Другой офицер встретил его и, видимо, также не желая ни разделять его тревогу, ни высказывать особенную расторопность пред ним, спокойно ответил, давая понять, что здесь - не Петербург и что Зубов для него решительно ничего не значит:
- Его высочество изволят быть на мельнице, они кушают там... Их видеть теперь нельзя...
- Доложите! - начал было опять Зубов.
- Если вам угодно, то пожалуйте завтра утром, а теперь нельзя, - перебил офицер.
Но Николай Зубов опять сказал ему два слова, пропустившие его так быстро сюда, и офицер, изменившись в лице, вдруг выскочил вон, сам побежал за лошадью и, едва опомнившись, поскакал на мельницу к великому князю.
Эти два чудодейственные слова Зубова были: "Государыня кончается".
Павел Петрович приехал в Петербург между шестью и семью часами.
Императрица без сознания лежала на тюфяке, разостланном на полу, за ширмами. Комната была слабо освещена. Вопли женщин сливались с предсмертным хрипением государыни.
Во дворце ходил глухой, сдерживаемый шепот о подробностях нынешнего дня и о том, как это все случилось; рассказывали, как сегодня встала государыня, как пила кофе, шутила с Перекусихиной и потом как ее нашли в обмороке в гардеробной. Сначала думали, что это - просто обморок, но вскоре заметили признаки апоплексического удара. Прибывший Роджерсон и врачи подтвердили это предположение.
Павел Петрович, приехав во дворец и не заходя в свои комнаты, расположился с супругою в покоях государыни, подле ее спальни. Он пожелал видеть своих сыновей, а невесткам приказал оставаться в их комнатах.
Никто не спал в эту ночь во дворце. На минуту мелькнула было надежда - лекарства как будто оказали действие, но эта надежда была непродолжительна.
Следующий день весь прошел в томительном ожидании. Агония императрицы была долгая и трудная, без минутного проблеска сознания. Шестого ноября в одиннадцать часов вечера прислали за великими княгинями. Императрицы не было в живых.
Тело покойной было уже убрано и поднято на постель. Царская семья отслушала панихиду, а затем направилась в церковь, где принял присягу вошедший на российский престол император Павел I.
-
XVI. Забота няни
Все это случилось крайне быстро, неожиданно; никто не хотел верить, не хотел привыкнуть к мысли, что государыни не стало. Все до того верили в ее здоровье, в ее бодрый, приветливый вид, с которым она показывалась обыкновенно, что не могли постичь, каким образом они будут теперь жить без нее и что станется без нее со всеми. И никто не мог прийти в себя и вспомнить, что государыне было уже шестьдесят семь лет, что при постоянной, непрерывной и энергичной работе, в которой она провела почти всю жизнь, силы ее должны были наконец ослабевать, и она скончалась оттого, что время ее наступило.

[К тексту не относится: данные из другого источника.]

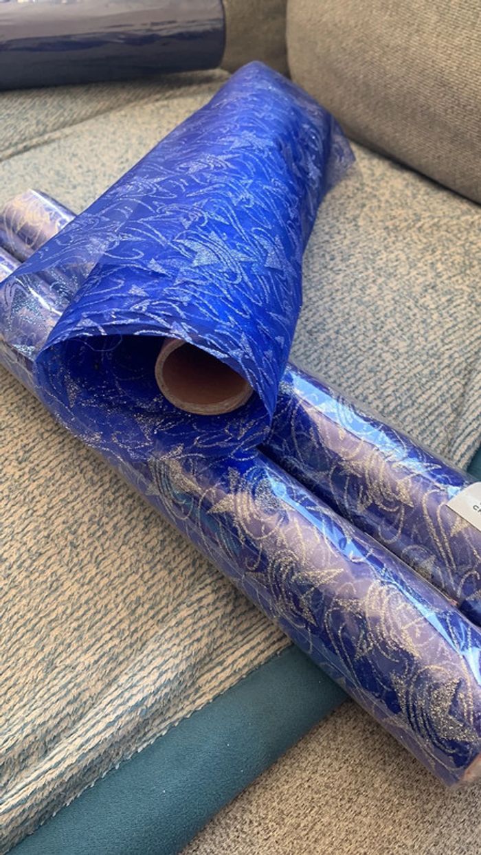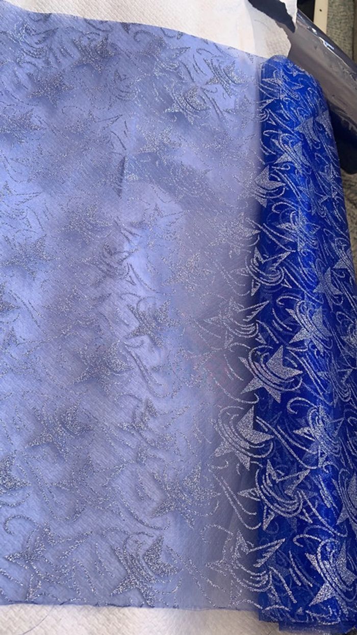 2 Chemin de table 36cm x 5m bleu et étoiles + 1 morceau restant
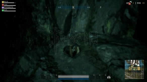 潭底有秘境,按c潜入水底可以进入下图所示洞穴,按空格上升进入洞中。
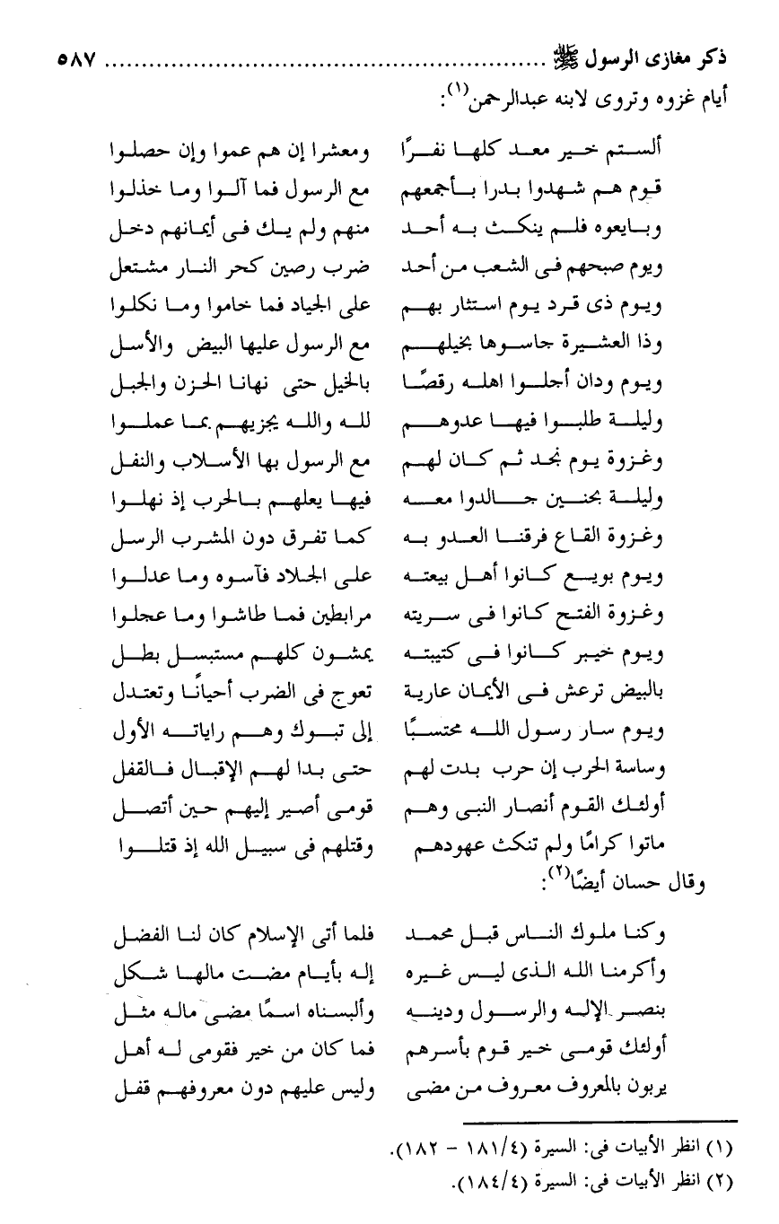 (1) انظر الأبيات فى: السيرة (4/ 181- 182) .
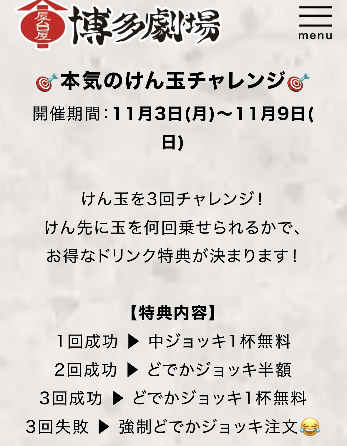 3回成功でどでかジョッキ1杯無料だそうです(*^-^*)
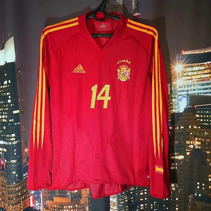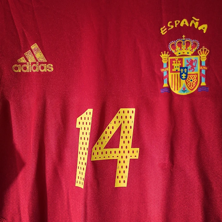 По традиции, на игровых вариантах все нанесения - плёнка и термотрансферы. Лого adidas, испанской федерации футбола - термотрансферы. Лампасы и фамилия с номером- плёнкой. По сути шаблоны adidas и nike 2002-2004 задают тренды недолговечных игровых маек. От фирмового винтажа 90х не остаётся и следа, а маечная индустрия выходит на новую орбиту.
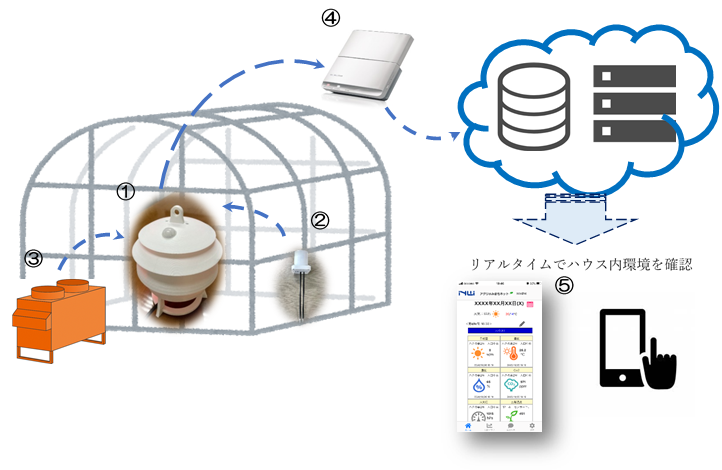 | ① | 温度 湿度 CO2濃度 気圧 日射量 |
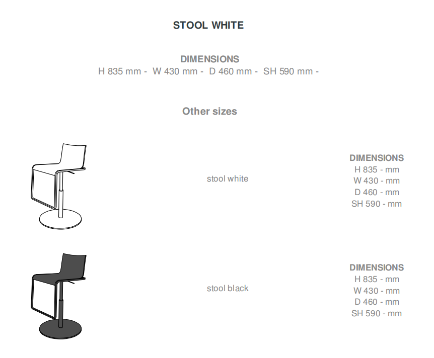 Frame in gloss Epoxy lacquered steel; seat shell in gloss lacquered multi-ply. In highest position seat height is 80 cm, with overall height 104.5 cm.
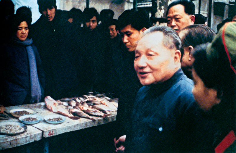 1983年2月,鄧小平同志視察上海市靜安區(qū)膠州路農(nóng)貿(mào)市場。
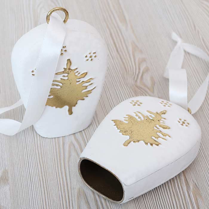 Hanging bell decoration/bell with engraved decoration, made of metal, white and gold finish.
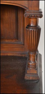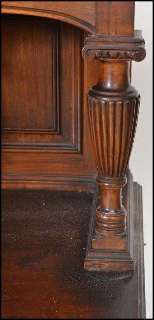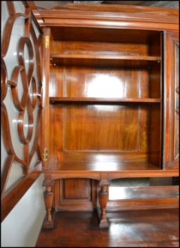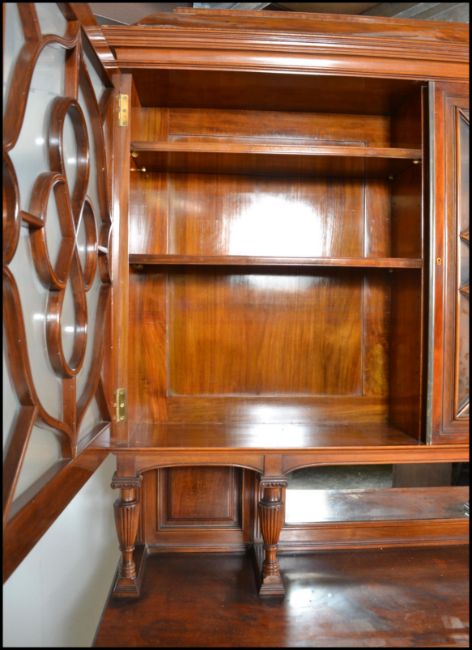 An exceptional late 19th Century solid mahogany buffet de corps / library bookcase cabinet. Raised on shaped scrolled feet supporting a dresser base with twin fielded panel doors housing shelving within. Above,a large twin glazed bookcase cabinet with stunning astragal glazed doors housing shelves set within. The cabinet raised on turned, reeded and fluted columns. The cabinet being of high quality being polished to the wood on the inside of the doors and body itself. Possibly, Liberty or Shoolbred of London. Measures 238cm tall by 152cm wide and 52cm deep.
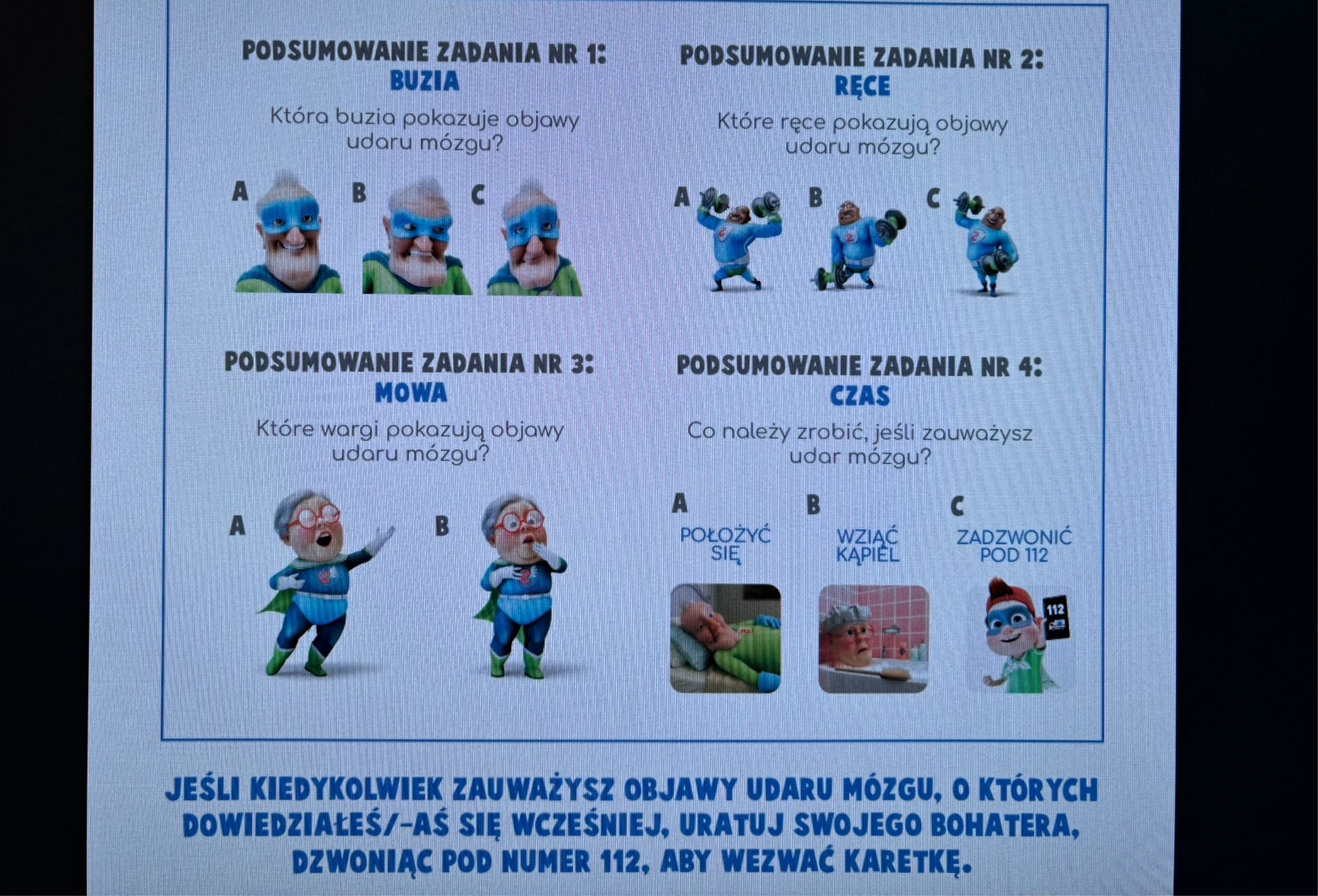 Za uczniami klas pierwszych ostatnie spotkanie z superbohaterami drużyny FAST TEAM – międzynarodowego programu edukacyjnego, który uczy najmłodszych rozpoznawania objawów udaru mózgu i szybkiego reagowania.
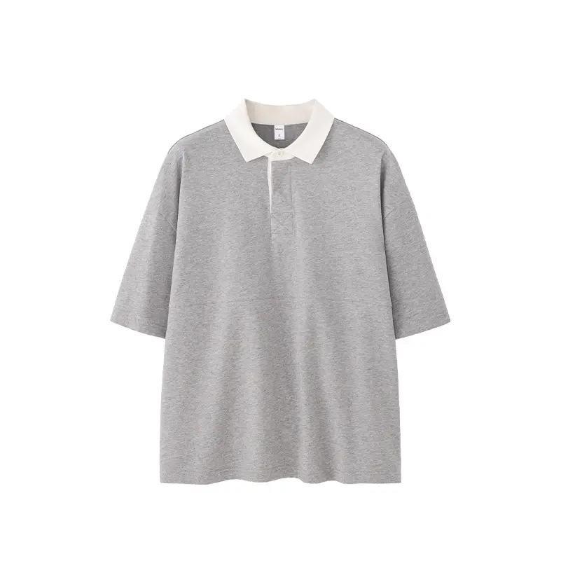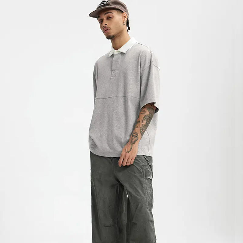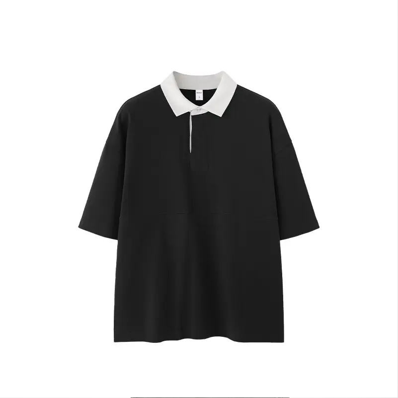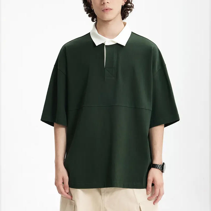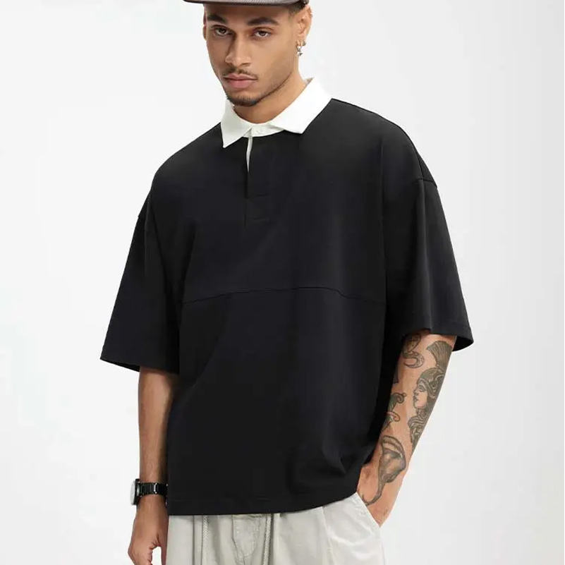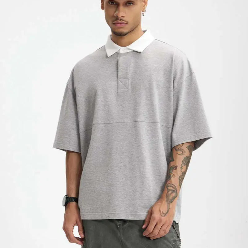 Chemises décontractées pour hommes en maille respirante, grande taille, couleur contrastée personnalisée, avec épaules tombantes, logo brodé et coupe oversize
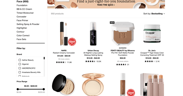 快速查看功能:只需单击一下,购物者就可以查看产品图片并发现有关特定商品的基本信息。丝芙兰还设计了一个调色板,并通过用 X 标记来突出显示哪些色调没有库存。

И вот стали отыскивать всевозможные причины. Говорили, что государыня скончалась оттого, что гроза была в сентябре, оттого, что метеор упал за ее каретою; ссылались на неудачу с браком шведского короля - словом, искали всякого разумного и неразумного повода, чтобы успокоить себя хоть чем-нибудь.
Трогательные, за душу хватающие сцены происходили на улицах Петербурга, точно каждый терял более чем императрицу - любящую мать. Люди всех сословий пешком, в санях и в каретах, встречая своих знакомых, со слезами на глазах выражали сокрушение о случившемся. Площадь пред дворцом была полна народа. К ночи выпал глубокий снег, утром настала оттепель и заморосил дождь. Никто не обращал внимания ни на холод, ни на сырость - на улицах все время продолжалось движение. У казарм стояли пред аналоями священники, и солдаты приносили присягу новому императору. В церквах служили панихиды, и они тоже были переполнены народом.
Старушка-няня Скавронской пробиралась сквозь толпу в своем лисьем салопе и огромном капоре, стараясь, чтобы ее не слишком придавили, и держа трехкопеечную свечу в поднятой руке.
- Ох, батюшки, пустите!.. Грехи-то наши!.. - говорила она, усердно протискиваясь вперед.
Впереди у иконостаса, у самых образов, стало посвободнее. Здесь стоял народ почище, не толкался и место казалось пошире.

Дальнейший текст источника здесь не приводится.